Ватажок под церковью советовал:
— Деньги — полова... Держать союз с московитами!
— Деньги не помешают! — не унимался дед Свирид, внимательно всматриваясь в ватажка. А только заслышал обращение «дед Петро» — закричал:
— Петро? Петро!.. Я же Свирид! Едят его мухи...
Ватажок споткнулся на коротком слове. Чернодубцы оторвали взгляды от желтоголового Мацька, посмотрели на стариков. Жебрак всхлипнул, делая шаг навстречу чернодубскому пастуху...
Только и добра у деда Свирида, что эта хатёнка в Чернодубе, небольшой сарайчик при ней, забор, садочек, ещё Рябко при том при всём — и больше ничего. Здесь и помирать старику. Внук проживёт на своём хлебе.
Зато на соломе в хате сегодня отдыхает твой давний побратим, с которым ты воевал ещё при Хмеле! С ним проговорили всю ночь. Со слепым ватажком пришёл жебрак Мацько и, конечно, мальчик-поводырь. Наговорившись о давнем, старики заспорили с Мацьком. Молодой насмешливый голос твердил своё. Вы, мол, деды, потеряли здоровье в битвах, а ваши товарищи — саму жизнь, да чего вы заслужили? Лучше пересидеть в тихом месте, а не искать лиха... Ругали старики дурака. Мальчишка Мишко уснул на тёплой печке под непрерывные споры. Ведь если бы каждый искал тихого места — враги давно забрали бы казацкие земли... Однако старые не убедили Мацька... Или он просто морочил им седые головы? Потом прояснится.
Дед Свирид, как всегда, поднялся до восхода солнца и вышел за ворота. Мысли всё время цеплялись за внука. Может, заедет? Летом дед просил подпасков, чтобы посматривали на шлях. Теперь же овцы в тёплых хлевах — смотри, пастух, на шлях со двора. Степан — не Мацько. Возвращался в село Петрусь Журбенко, да пока старый узнал о том в поле — хлопец снова исчез. Журбиха говорит, что не успела как следует расспросить сына, но ей известно: Степан жив-здоров...
Солнце, поднявшись, залило блеском дорогу. Где вечером сияли сплошные лужи — теперь прозрачное стекло. Ночью ударил мороз. Дедовы глаза наполнились слезами. Он возвратился во дворик. Оттуда и глядел на битый шлях, но которому, глухо говорят люди, уже продвигаются на Гадяч шведы. Их ведёт будто бы сам Мазепа.

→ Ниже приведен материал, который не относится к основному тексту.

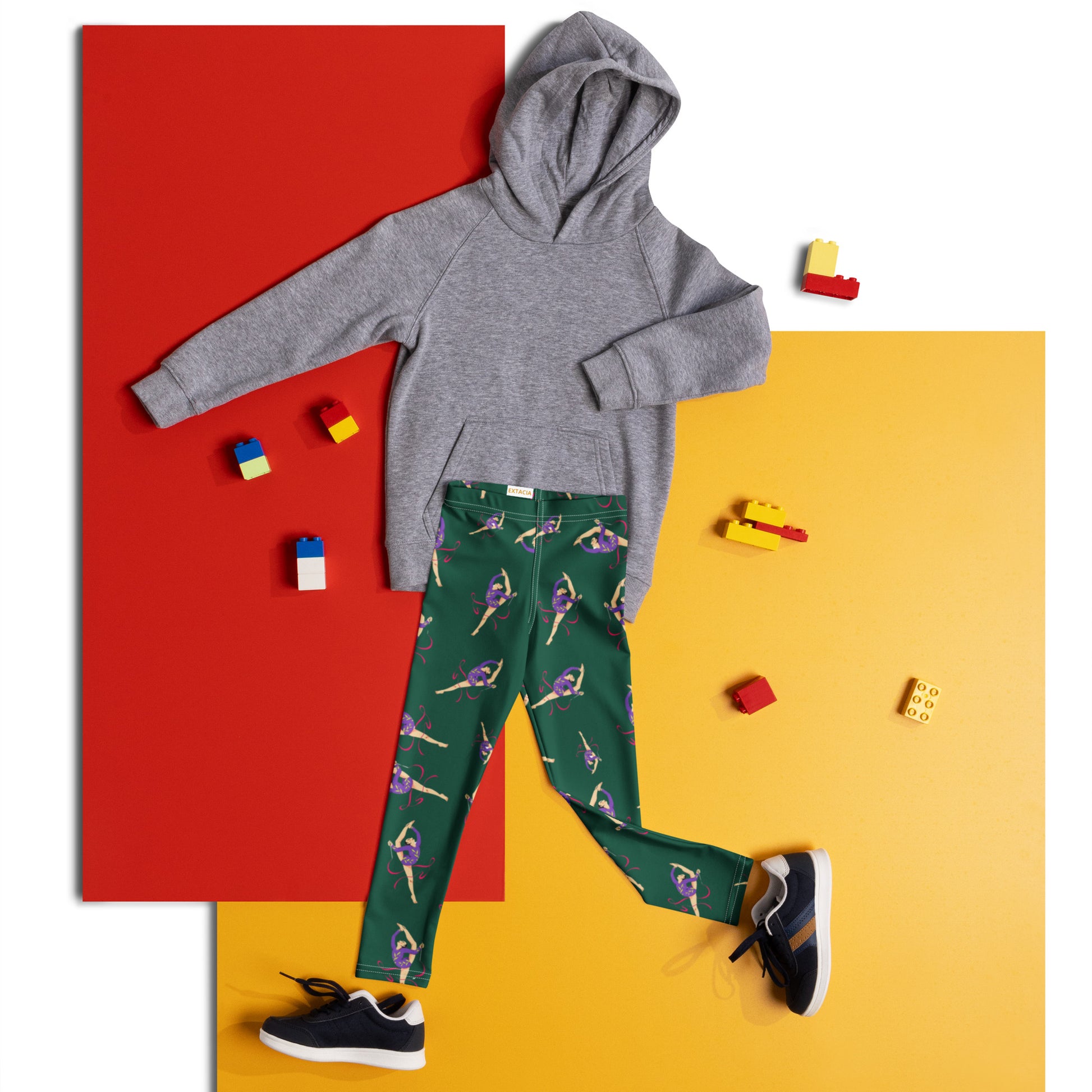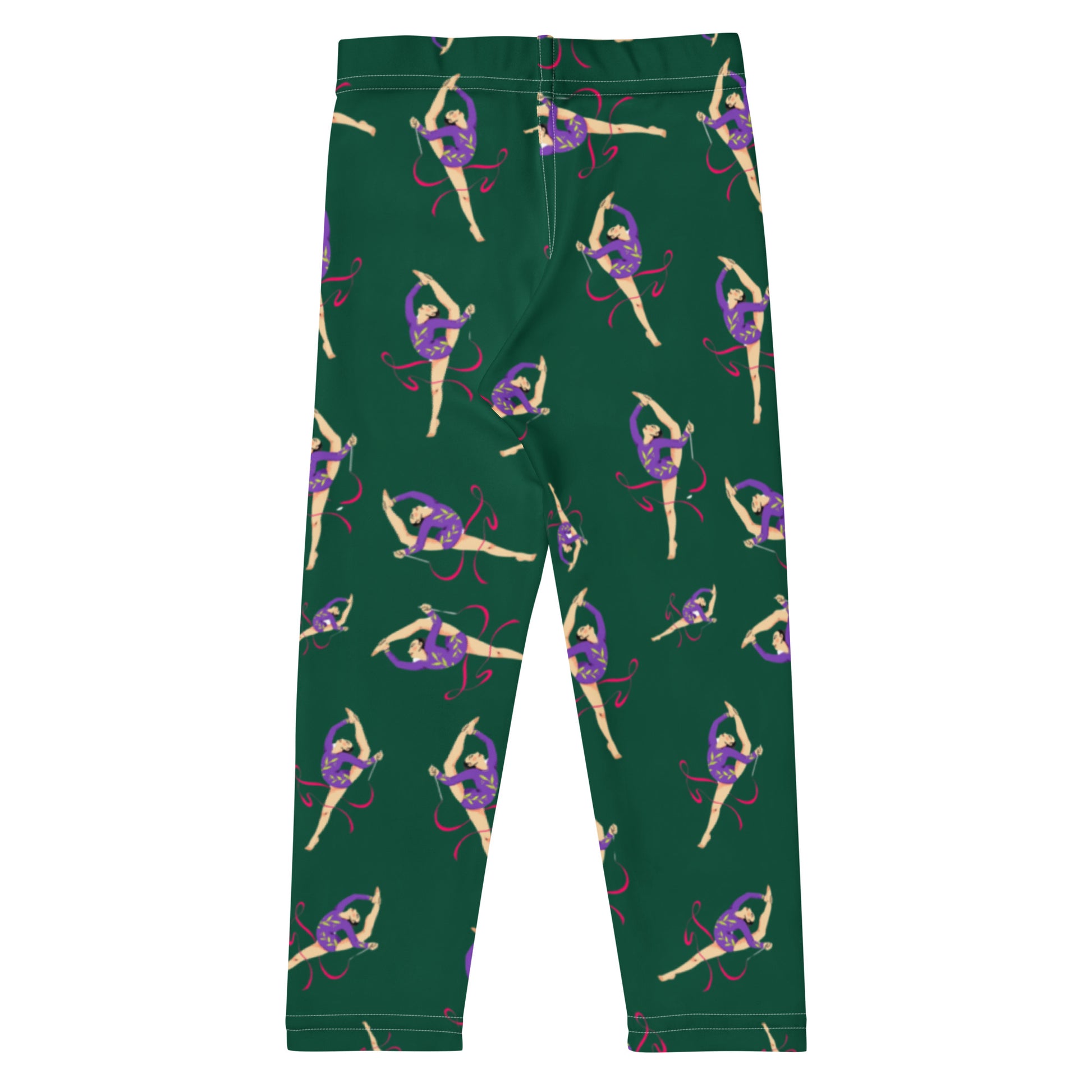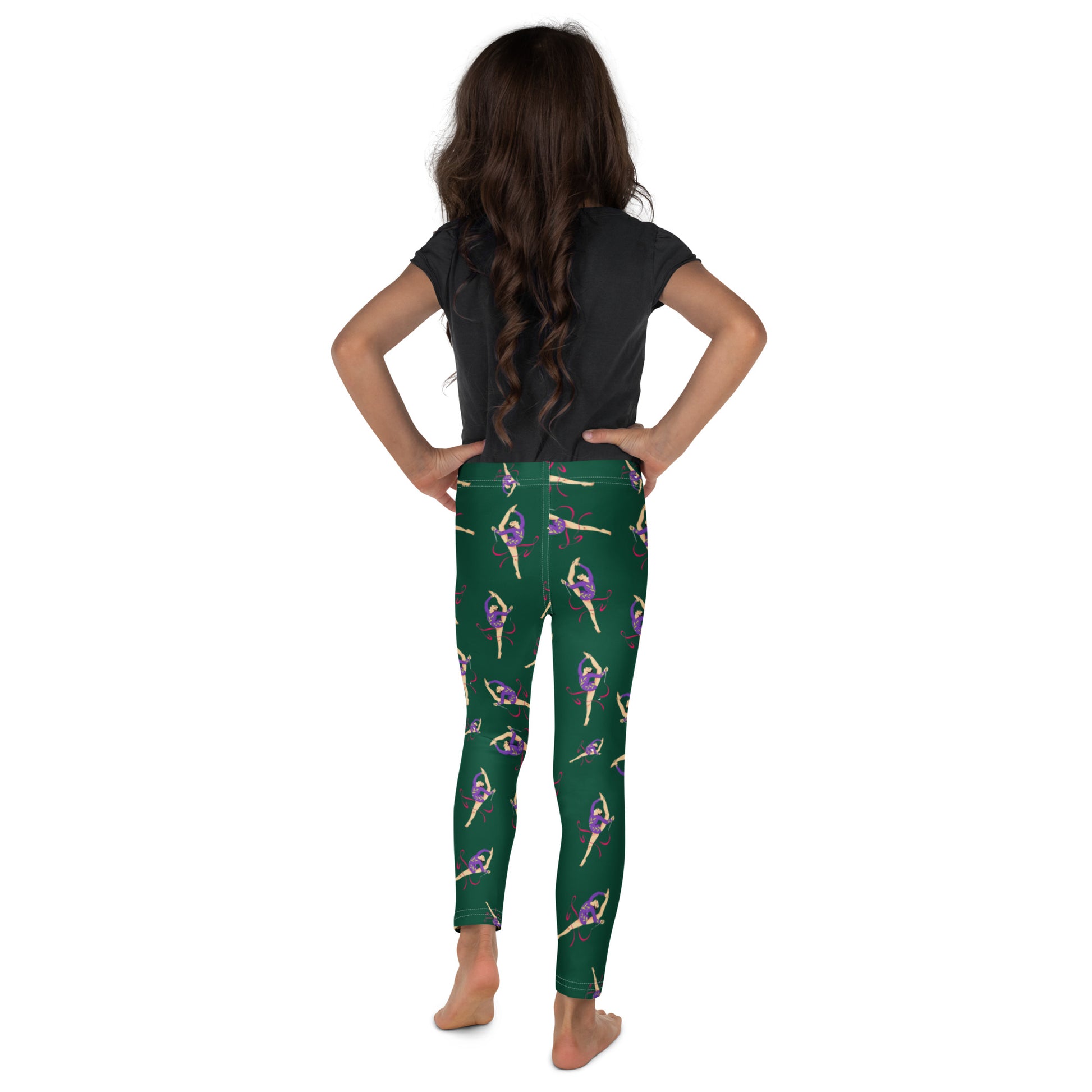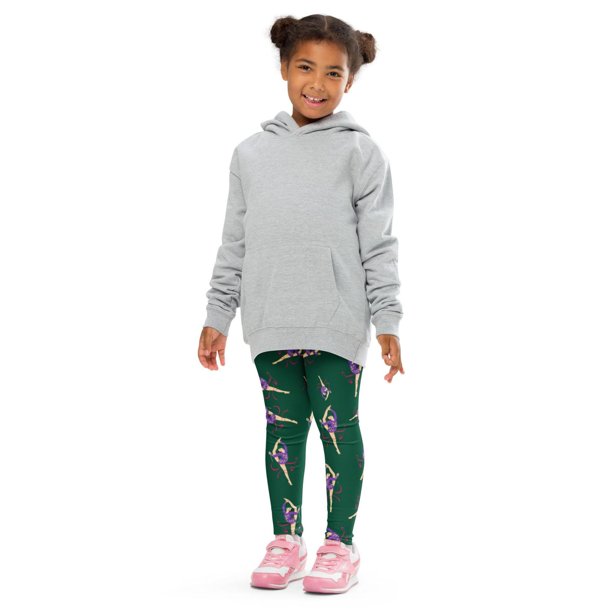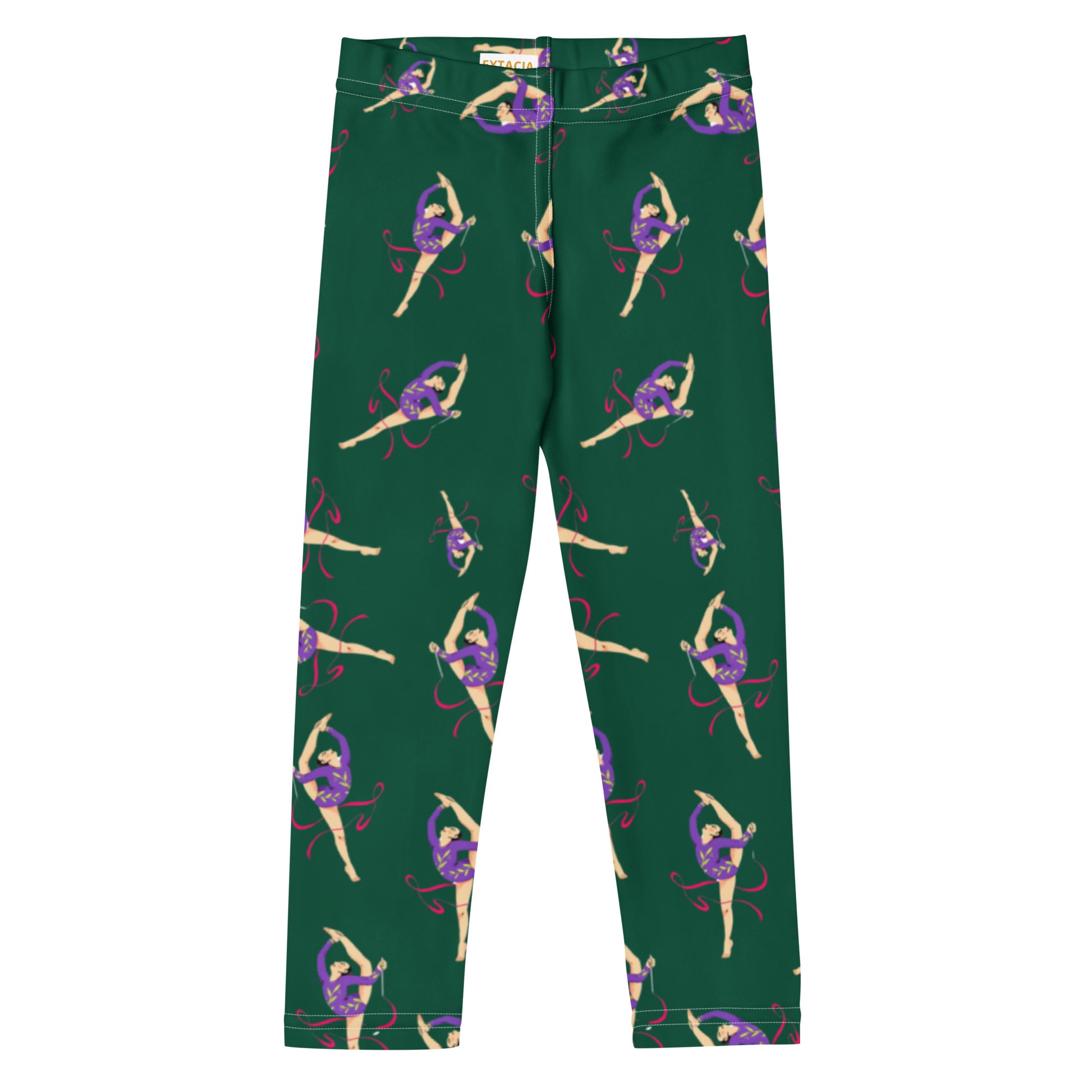 Legging pour petite fille – Vert Sapin – Doux, extensible, toutes saisons – Motif Gymnaste Danseuse

Передавая новость, люди опускают глаза. Эх, если бы молодые лета! Пошёл бы дед с дружками на любого супостата!
Правда, сейчас нечего ждать внука. Он — не с врагами.
На блестящей дороге, далеко, зашевелилось с десяток горошинок. Они быстро скатились в долину. Значит — всадники. Дед знал, что путешественники проедут плотину и вступят на чернодубскую улицу. Он посмотрел на село. Люди высовывались из укромных мест, дожидаясь, кто же там едет.
Вторично всадники показались всё-таки неожиданно. На передних — сердюцкие жупаны. Пусть и гетманцы, а всё же пришлые. Только и гетманцы бывают всякие. Вот и Степан... На нём такая же одежда...
Старик приметил вдруг за синежупанниками высоких всадников, прямых, как жерди в заборе, с выставленными ногами в широких сапогах. И кони под ними огромные, толстоногие, с глазастыми головами и крутыми шеями.
— Да это ж... Едят его мухи!
Дед поспешил в хату. Испуганный Рябко растревожил лаем всех чернодубских собак. Из-за валов кое-где выткнулись чёрные бараньи шапки.
Всадники остановились напротив дедова дворика. Странные вояки что-то объясняли сердюкам знаками — те на два голоса:
— Люди! Казаки! Собирайтесь к церкви-и!
Странные всадники — шведы. Каких только врагов не повидал на своём веку дед — а шведов не приходилось.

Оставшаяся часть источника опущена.